He says his name is Henry Harris. “But you can call me Dad. Or Daddy. Whichever you prefer.”
She tells him she wants to go home, and he lets out a soft chuckle. “This is your home, Jennifer.”
She’s already learned that she can’t correct him. Can’t tell him that her name is really Anastasia Reynolds, that she’s never heard of Jennifer before and has no idea what happened to this poor daughter of his.
How long has she been here? It’s hard to know because all the windows in this basement are boarded up. She’s slept on and off, but has she been gone for hours or days? Could it be weeks?
At one point he knocked her unconscious. Her head hasn’t felt quite right ever since. “You’re lucky,” he tells her after she wakes up. “It could have been a lot worse.” He bandages a cut on the back of her head and says, his voice full of regret, “You remember what happened last time, don’t you?”
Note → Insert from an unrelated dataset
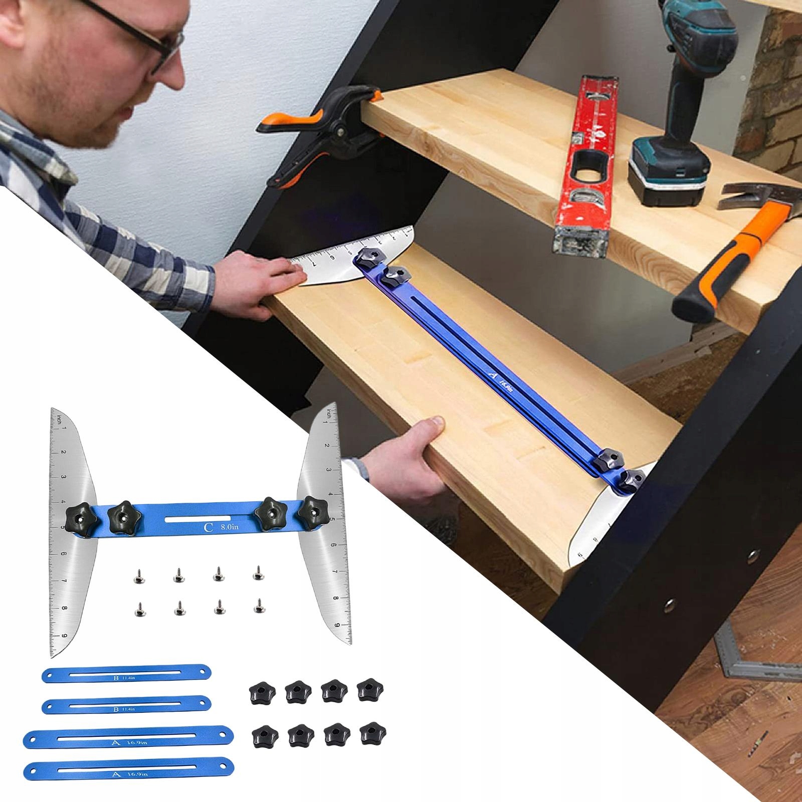 Домашние инструменты для разрезания лестницы. Набор лестничных шаблонов, регулируемый диапазон составляет 11-60 дюймов.

She doesn’t remember a last time because there never was a last time. Except she’s smart enough not to tell Henry this. So instead she nods and lets him pet her blood-stained hair as he starts to cry and tell her how happy he is now that they’re together again.
“You forgive me, don’t you, Jennifer?” And she tells him that she does.
She learns to lie. As the basement grows colder and colder with the chill of winter, she begins to forget that there ever was a girl named Anastasia Reynolds. That there ever was a world outside of the cement prison, a world of snowflakes and ice skating and steaming hot chocolate fogging up her glasses while she takes dainty sips, careful not to burn her tongue.
She forgets that somewhere is a mother and a father desperate for her safe return, a mother and father who might even assume she’s dead by now.
As long as they don’t think she ran away …
The cold that seeps into her soul becomes intolerable. She finds herself thankful for the nights when Henry can’t sleep and brings down his blanket and joins her in the basement. Tells her stories about her childhood.
“Remember when Grandpa pitched you that softball and you broke the neighbor’s window? He told you to go and apologize to the owners because he knew they couldn’t be mad at a girl as cute and sweet as you. Remember that?”
And she tells him she does. Tells him so many times that every once in a while, she dreams about being that same little girl, standing on a doorstep she can recall in vivid detail, explaining to a tired-looking housewife that her grandpa was pitching and she accidentally broke their window.
Anastasia never played softball, but Jennifer did. Sometimes Henry even brings down the photo album and shows her pictures of her childhood. “That’s your best friend, Shawna,” he says. “She’s living in Chicago now, married to some big-time businessman. I saw her dad at the hardware store the other day. Says they’re expecting their third kid. Isn’t that great?”
And Anastasia feels somehow happy for Shawna, this best friend she never knew, this grown woman whose life has no resemblance to her own, this mother of three.
There are times when she wants to cry for Henry, when she looks at this pitiable old man, so alone, so lost in the past.
And there are times when she hates him. Hates what he’s done to her. She’s grown so skinny, she can feel her hips stabbing the cold cement floor at night when she tries to sleep. She hates the smell of his body odor but knows that she’s even more unkempt than he is.
Some days, she’s certain she could kill him.
Other days, she falls asleep crying, her heart aching for this lonely old man.
There’s murmuring on the plane. My breath returns to me in a rush. I haven’t had a flashback this vivid since … since … well, since long before I met Russel. That’s why I was so sure I was doing better. So sure it wouldn’t matter if I told him or not.
I stare at the middle-aged passenger ahead of me. He’s in the aisle fidgeting with an overhead bag, and when he raises his arms his hairy stomach pokes out from beneath his Hawaiian shirt. I wonder for a minute how I could have ever confused him with Henry.
Henry wasn’t that heavy for one thing. Not that hairy either. And this passenger is too young.
Besides, I remind myself, Henry is dead.
Henry is dead, so I have no reason to keep on thinking about him. No reason at all.
The children are getting restless. The flight attendant is shutting the last of the overhead compartments. That means we’ll be taking off soon. Once we’re in the air, I think I’ll finally be able to relax.
I’m flying to Detroit. I’m going to meet my in-laws, going to spend a nice, relaxing vacation with them. The kids can’t wait to see their grandma and grandpa, and Russel tells me that I’m going to get along just great with his sister. Life is good. I have everything I ever wanted, a husband who loves me, a strong and healthy family, the freedom to travel around and take time off to spend with relatives.
I’m safe. I’m healthy. And I can’t let these scars from my past bubble to the surface and threaten everything I’ve got going for me right now.